» What you are asked to do: Leaving out all pictures, transcribe the lines below exactly, from the first through the line containing "Sample diagram. Figure".

Dataset excerpts

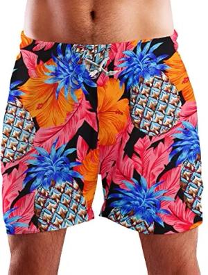 Funky Hawaii Schwimm-Hose Bade-Hose Bade-Shorts, Pineapple Hibiscus, Schwarz Rot, XXL
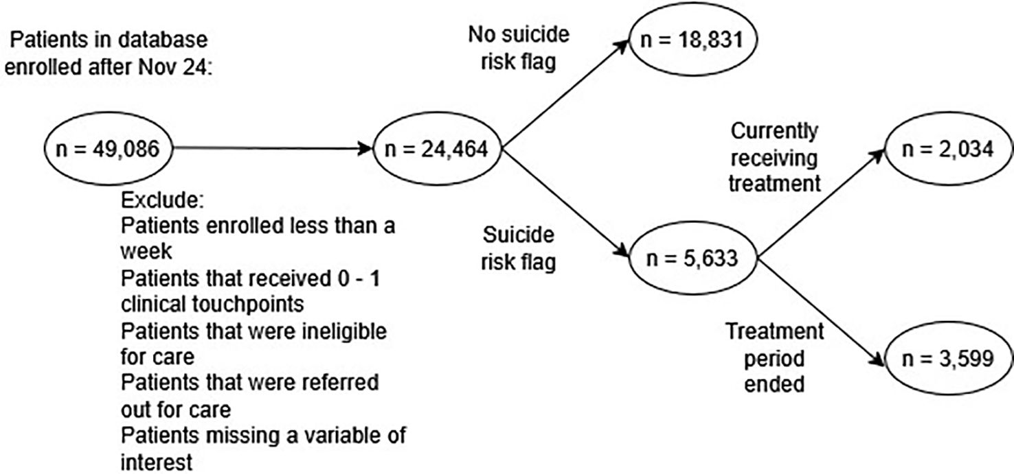 Sample diagram. Figure 2 shows the flow of patients included in the analysis. The Concert Health electronic health system database had 49,086 patients records whose enrollment began after November 24, 2021. These patients were filtered through the initial screening criteria. Patients were removed if they did not actually receive care within the system (too few days enrolled, too few touchpoints, ineligible for care or referred out for care). If a patient was missing any variable of interest, they were removed during initial selection. Finally, only patients flagged at risk for suicide with closed treatment periods were included, resulting in a final sample size of 3,599.
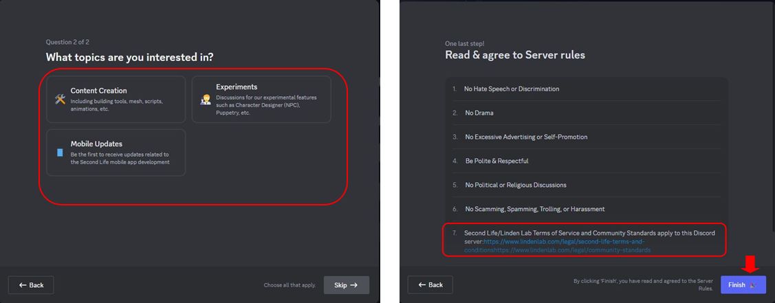 - Agree to the server rules – follow the links to the Second Life Terms of Service and the Community Standards (both of which applying to the Second Life Discord Server).
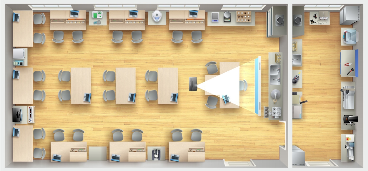 Ниже представлена схема кабинета и мастерской на базе стандартных архитектурно-строительных решений (в том числе для школ-новостроек по государственной программе «Школа – 2025»), приведены описания рабочих мест учащихся и преподавателя, представлены основные технические характеристики лабораторного, аналитического и специализированного оборудования, измерительных приборов, лабораторной мебели, средств ТСО и вспомогательного оборудования для мастерской.
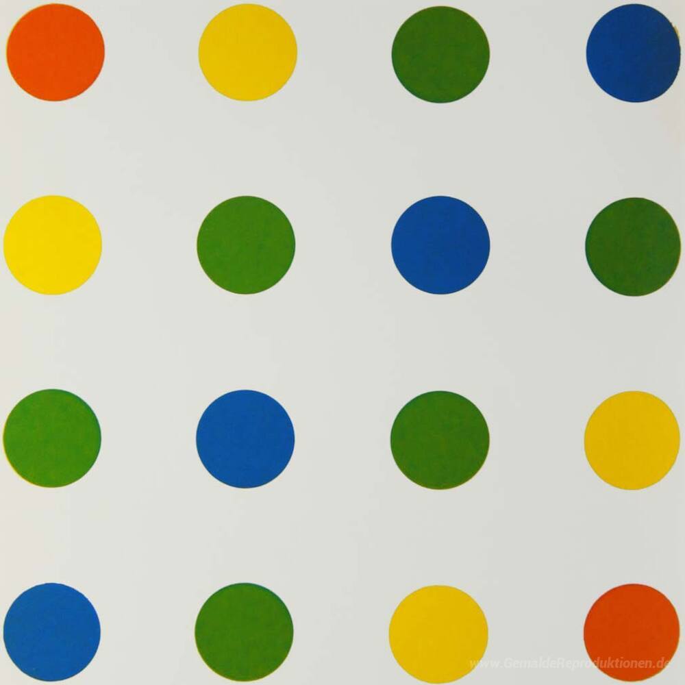 Wir bieten Ihnen eine handgefertigte Reproduktion auf Leinwand des berühmten Kunstwerks 'Bleu-Vert-Jaune-orange' von Francois Morellet, aus dem Reproduktionsmuseum.

» Response below:
 Funky Hawaii Schwimm-Hose Bade-Hose Bade-Shorts, Pineapple Hibiscus, Schwarz Rot, XXL
 Sample diagram. Figure 2 shows the flow of patients included in the analysis. The Concert Health electronic health system database had 49,086 patients records whose enrollment began after November 24, 2021. These patients were filtered through the initial screening criteria. Patients were removed if they did not actually receive care within the system (too few days enrolled, too few touchpoints, ineligible for care or referred out for care). If a patient was missing any variable of interest, they were removed during initial selection. Finally, only patients flagged at risk for suicide with closed treatment periods were included, resulting in a final sample size of 3,599.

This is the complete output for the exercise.